[Saved entries]
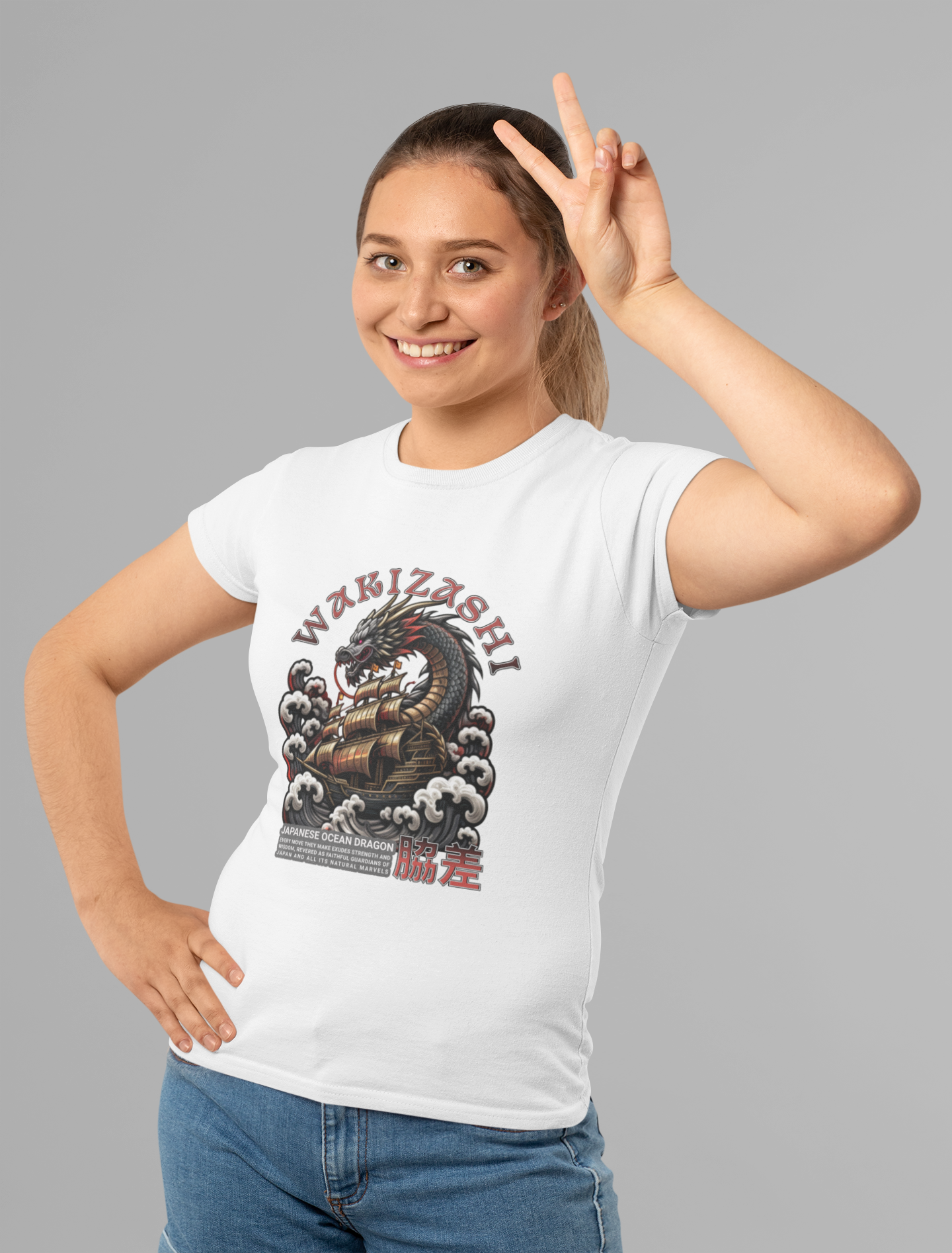 - Front graphic: Japanese ocean dragon wrapped around a sailing ship with arched “WAKIZASHI” and kanji block
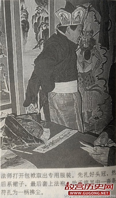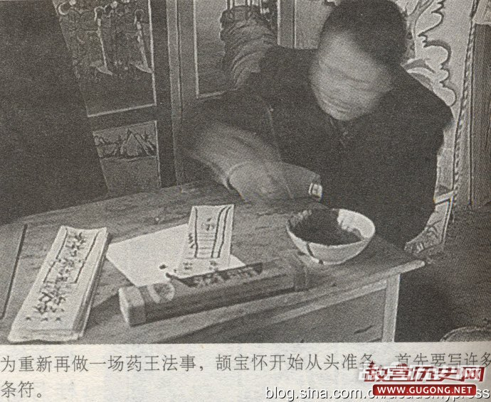 在一块谈得合适,颉宝怀决意为我的采访做一坛法事,演示一下他“食符炼将”、唱忏诵经的“武坛”本事,也就是要把昨天中午那坛药王法事再演一遍,这令一直为迟到而抱憾的我喜出望外。午饭后把殿里西北角窗下那张方桌收拾净擦干,颉经师动手裁了些 10 厘米宽 40 来厘米长的黄表纸绺绺,用墨汁毛笔在上面写了各式各样的符箓。写毕,打开一个包裹取出他专用的服装,开始戴冠、束裙,裹甲(腿胯部)、着袍。旁边有人在帮他用竹筷做柄、把一沓纸符绺绺扎成一柄拂尘。四名乐手在神案两侧坐定,鼓乐合奏过一通,经师开腔是一段快板:
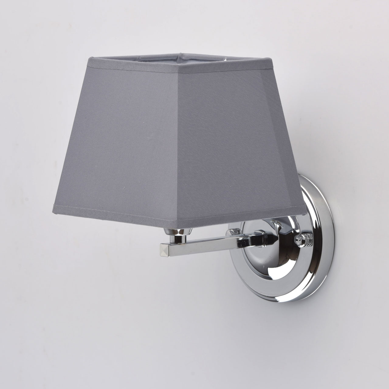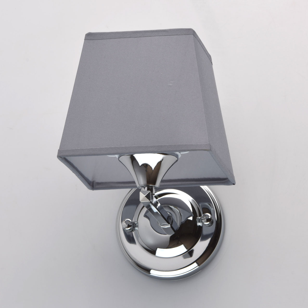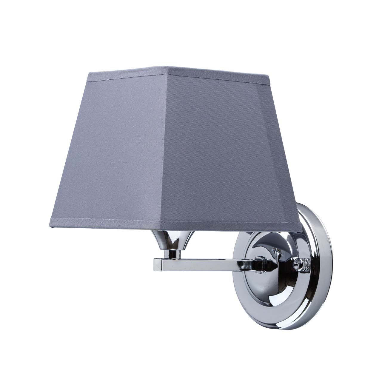 Основание бра: металл, гальваника в цвет хрома. Абажур: текстиль, цвет графит, термостойкий акрил внутри.
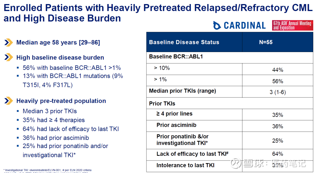 入组患者基线如下,35%的患者接受过4线及以上治疗,36%的患者接受过Asciminib治疗。
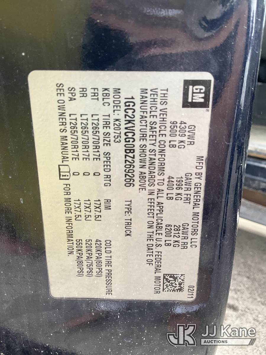 2011 Chevrolet Silverado 2500HD 4x4 Extended-Cab Pickup Truck, 6.0L V8 OHV 16V FFV gas, 6-Speed Automatic, A/C, with front winch, (151,856 miles) (Runs & Moves) (Jump To Start, Missing Driver Side Door Panel And Parts, Body/Paint Damage) This is a Titled Item NOTE: This unit is being sold AS IS/WHERE IS via Timed Auction and is located in Ocala, FL. Inspection & preview days for this unit are by appointment only; please contact us at contact@jjkane.com or 84-Go-JJKane for more details. For more information & removal arrangements please contact Mike Lessard @ (352) 629-6677. (Buyer is responsible for removal. Assistance by consignor or JJ Kane Auctions is not assured.)
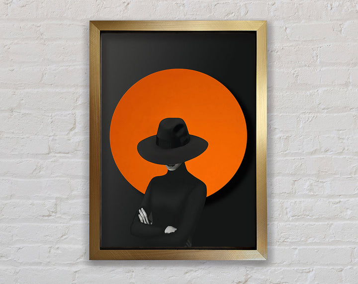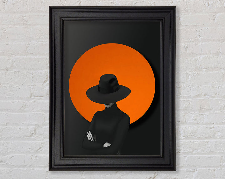 The Orange Circle Lady In Black Hat Framed Print is a stunning piece of framed art that will add a touch of elegance to any room. This artwork features a sophisticated lady in a black hat, set against a vibrant orange background. Available in six different sizes, from small to oversized, this print can fit perfectly into any space, whether it's a cozy corner or a large wall.
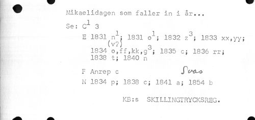 //// I Mikaelidagen som faller in i år.,. //// Se: C1 3 //// E 1831 n1: 1831 o1; 1832 z3; 1833 xx,yy; //// (V?) o //// 1834 o,ff,kk,g j 1835 c; 1836 rr; 1838 t; 1840 n //// F Anrep c S^o^o //// N 1834 p; 1838 c; 1841 a; 1854 b //// KB:s SKlLLINGTRYCKSREG. ////
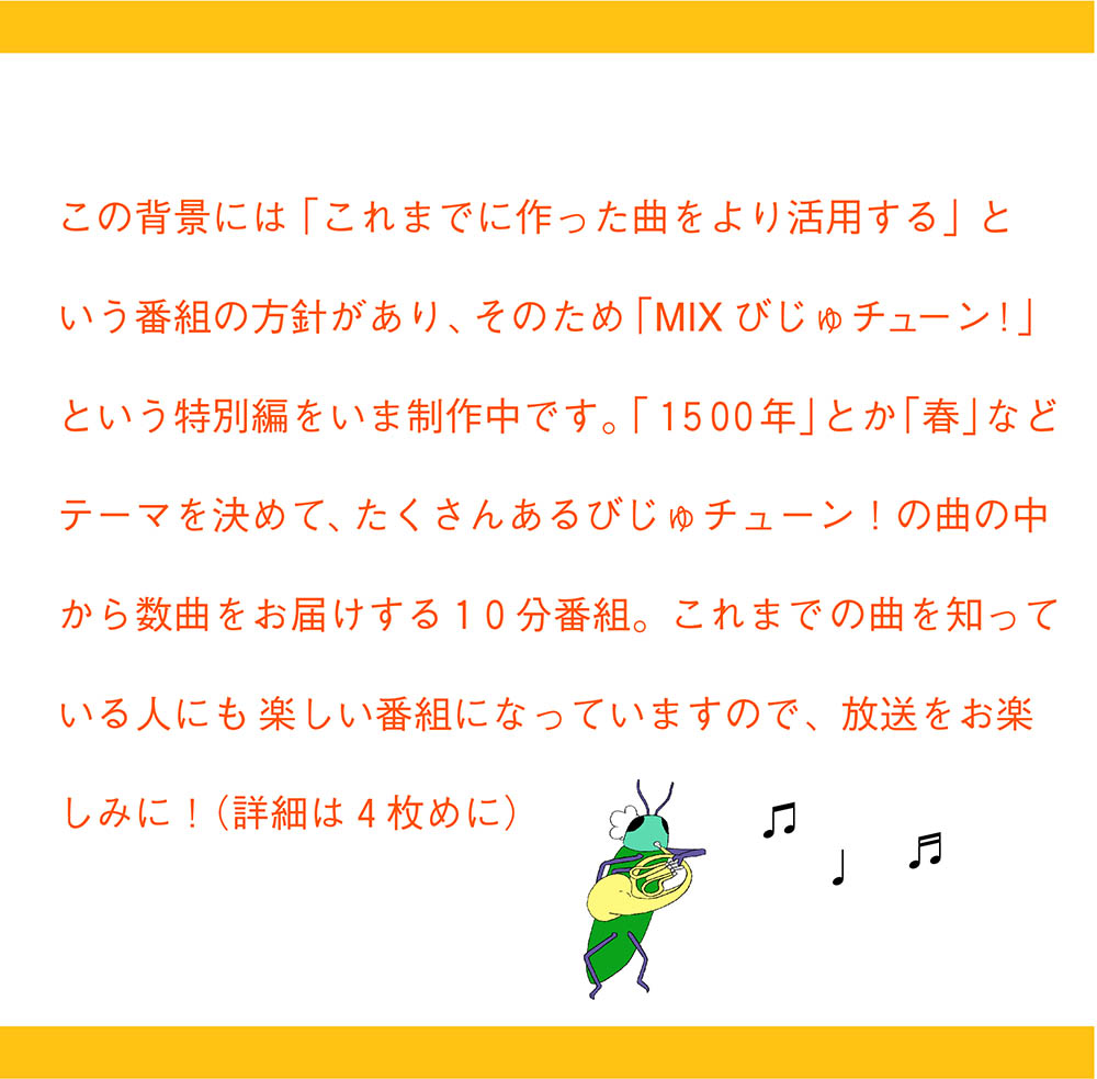おはようございます。1月に放送された「びじゅチューン!祝100曲スペシャル」が10月17日(日)午後4時から再放送。視聴者からのリクエストで作られた楽曲ランキングを、番組ファンだと公言されていたナイツ土屋さんと見ていきます。

> **Exercise objective**
Quote, without alteration, the lines running from the line containing "KB:s SKlLLINGTRYCKSREG. ////" to the last line of the entries, and include no pictures.

> **Finished task**
 //// I Mikaelidagen som faller in i år.,. //// Se: C1 3 //// E 1831 n1: 1831 o1; 1832 z3; 1833 xx,yy; //// (V?) o //// 1834 o,ff,kk,g j 1835 c; 1836 rr; 1838 t; 1840 n //// F Anrep c S^o^o //// N 1834 p; 1838 c; 1841 a; 1854 b //// KB:s SKlLLINGTRYCKSREG. ////
おはようございます。1月に放送された「びじゅチューン!祝100曲スペシャル」が10月17日(日)午後4時から再放送。視聴者からのリクエストで作られた楽曲ランキングを、番組ファンだと公言されていたナイツ土屋さんと見ていきます。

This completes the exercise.